• BRIEF
Instruction for the entries below: return the part that opens with the line containing "Details • Size" and closes with the line containing "Maison T3 - 90", exactly, and no pictures.

• GIVEN INFORMATION
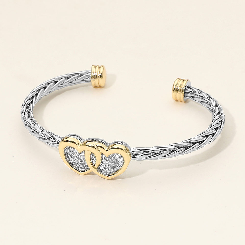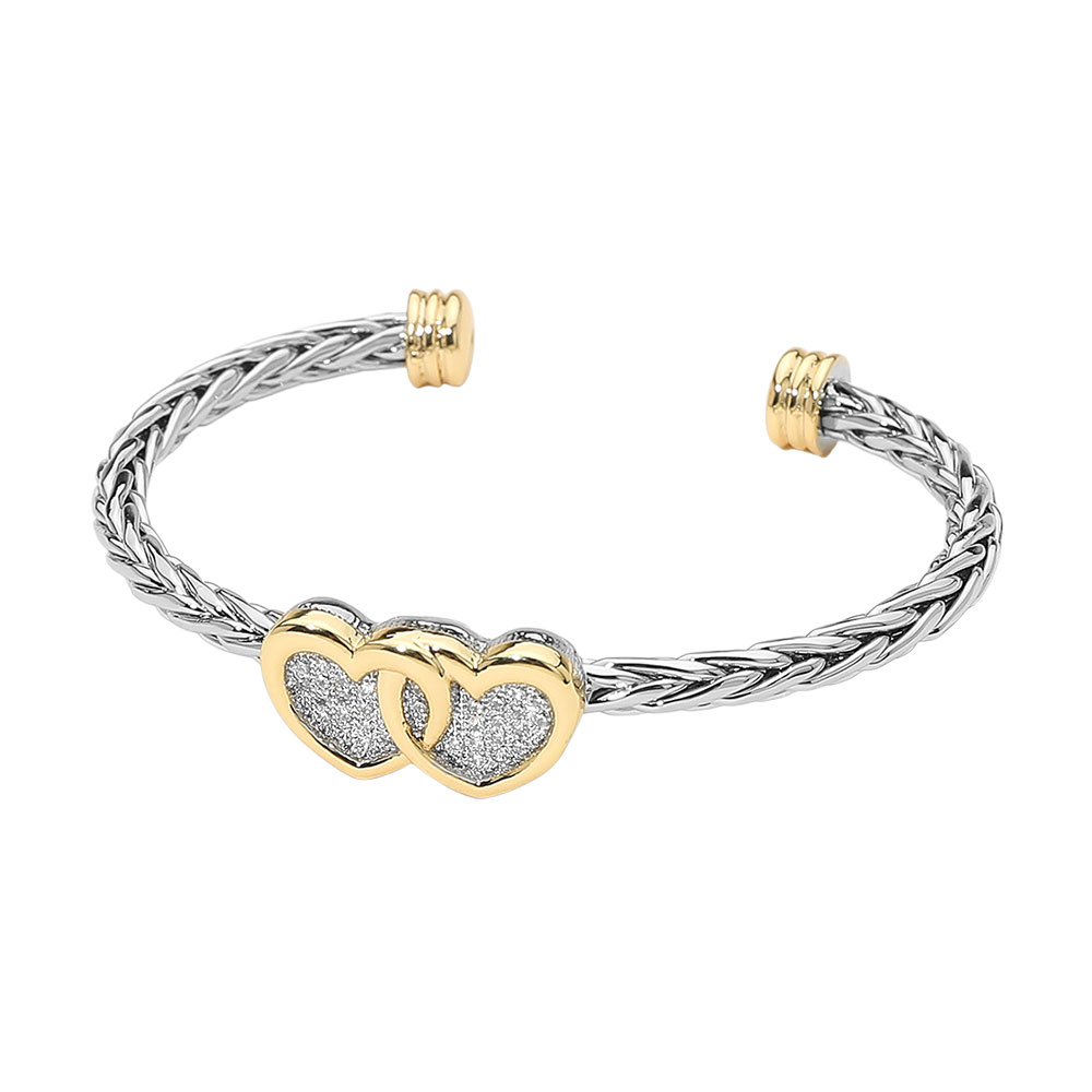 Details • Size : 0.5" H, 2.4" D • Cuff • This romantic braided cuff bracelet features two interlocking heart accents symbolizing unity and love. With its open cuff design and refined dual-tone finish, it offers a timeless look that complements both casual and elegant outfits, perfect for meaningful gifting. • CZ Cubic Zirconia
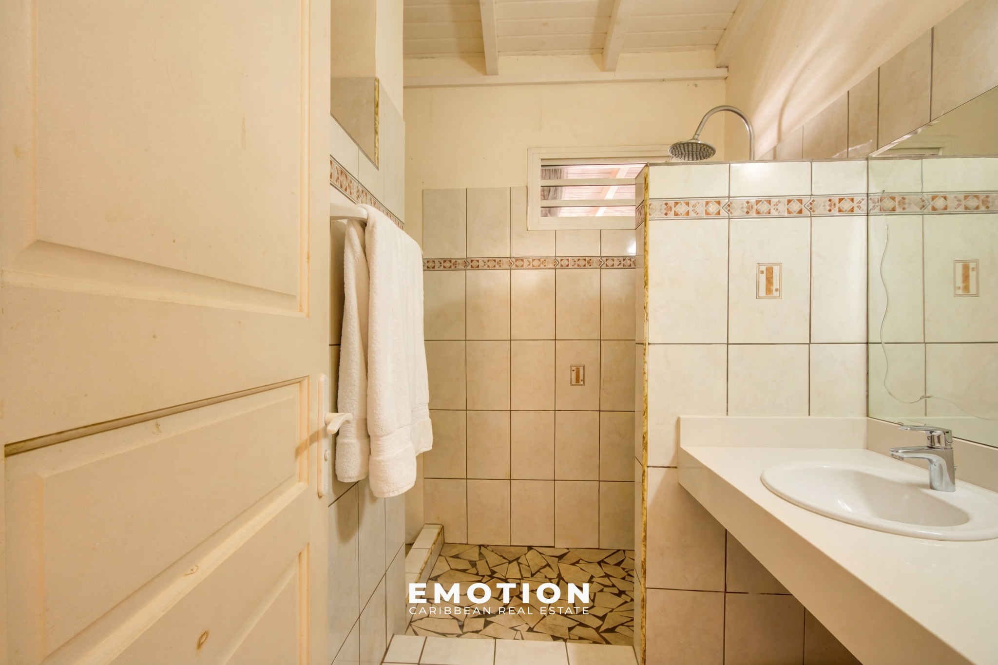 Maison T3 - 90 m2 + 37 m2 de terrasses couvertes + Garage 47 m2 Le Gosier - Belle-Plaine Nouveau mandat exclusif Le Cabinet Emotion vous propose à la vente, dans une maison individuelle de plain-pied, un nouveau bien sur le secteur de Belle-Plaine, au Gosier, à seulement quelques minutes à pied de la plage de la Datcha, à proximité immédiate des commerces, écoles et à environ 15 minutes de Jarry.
==
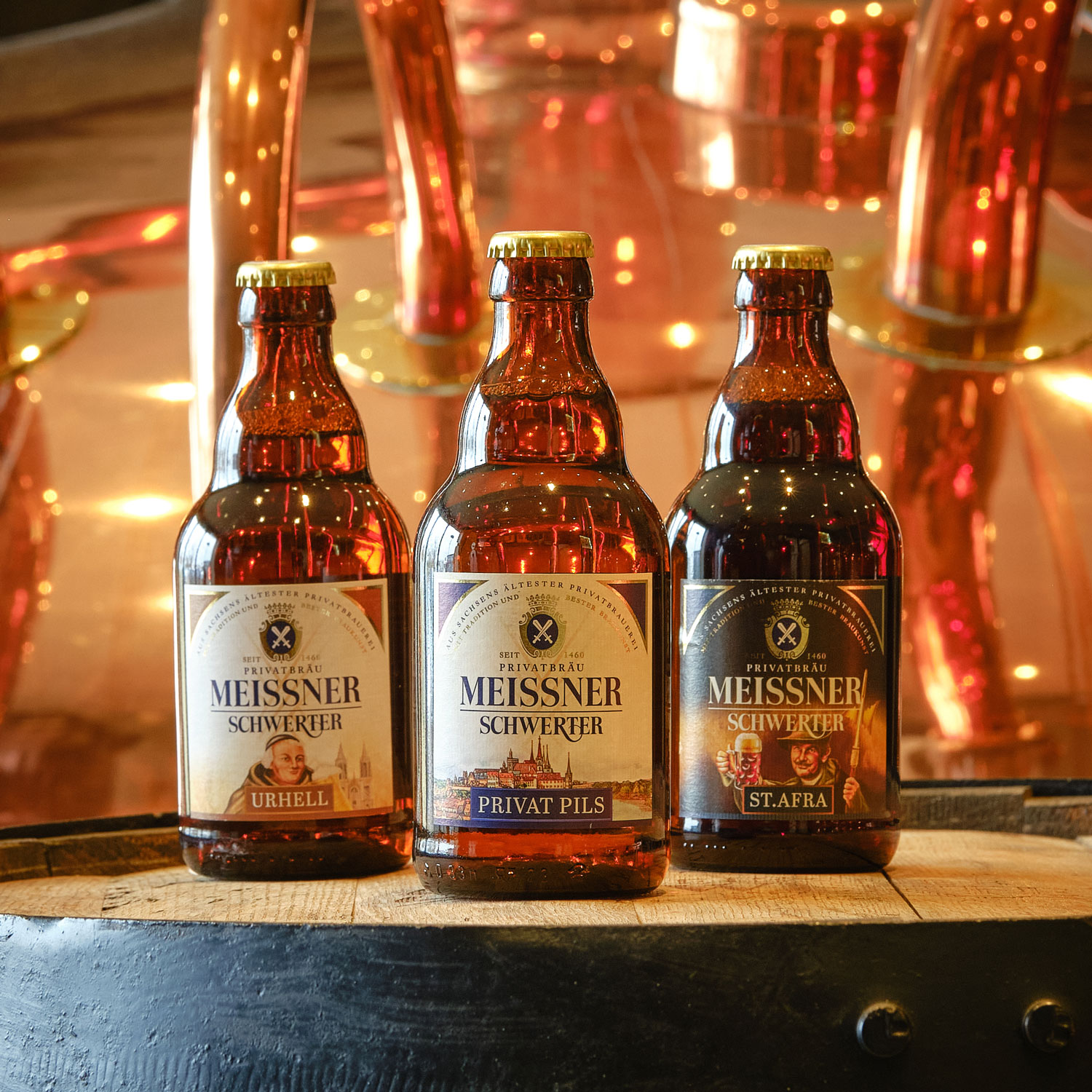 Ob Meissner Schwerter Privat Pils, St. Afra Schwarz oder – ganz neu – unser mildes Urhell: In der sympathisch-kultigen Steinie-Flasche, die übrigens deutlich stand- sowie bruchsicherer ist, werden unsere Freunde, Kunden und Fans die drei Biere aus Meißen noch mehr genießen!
==
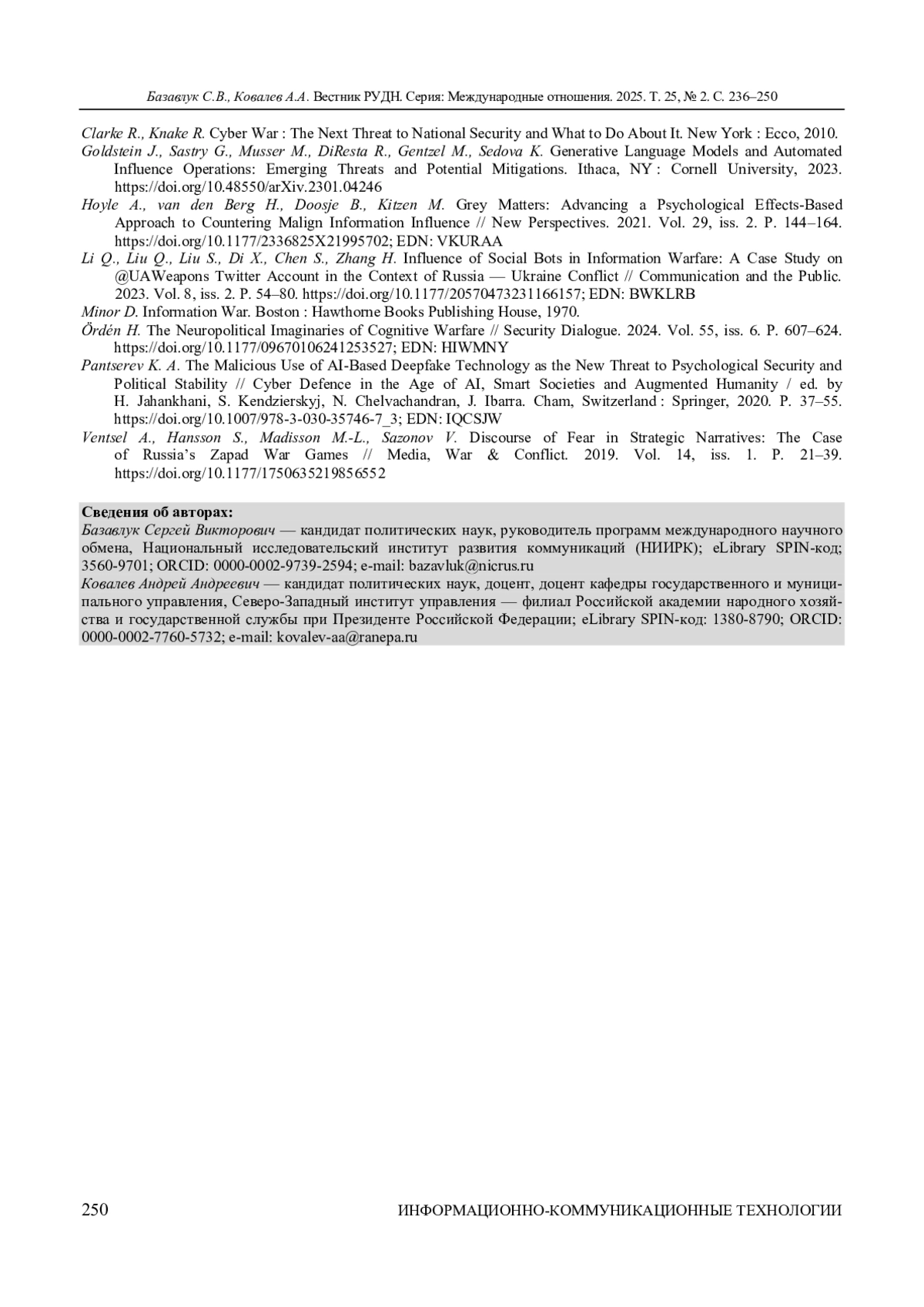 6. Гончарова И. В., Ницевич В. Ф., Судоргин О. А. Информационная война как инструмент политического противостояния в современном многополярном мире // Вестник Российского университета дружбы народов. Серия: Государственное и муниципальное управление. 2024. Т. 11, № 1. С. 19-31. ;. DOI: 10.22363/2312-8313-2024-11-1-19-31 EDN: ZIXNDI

• RESPONSE TO THIS TASK
 Details • Size : 0.5" H, 2.4" D • Cuff • This romantic braided cuff bracelet features two interlocking heart accents symbolizing unity and love. With its open cuff design and refined dual-tone finish, it offers a timeless look that complements both casual and elegant outfits, perfect for meaningful gifting. • CZ Cubic Zirconia
 Maison T3 - 90 m2 + 37 m2 de terrasses couvertes + Garage 47 m2 Le Gosier - Belle-Plaine Nouveau mandat exclusif Le Cabinet Emotion vous propose à la vente, dans une maison individuelle de plain-pied, un nouveau bien sur le secteur de Belle-Plaine, au Gosier, à seulement quelques minutes à pied de la plage de la Datcha, à proximité immédiate des commerces, écoles et à environ 15 minutes de Jarry.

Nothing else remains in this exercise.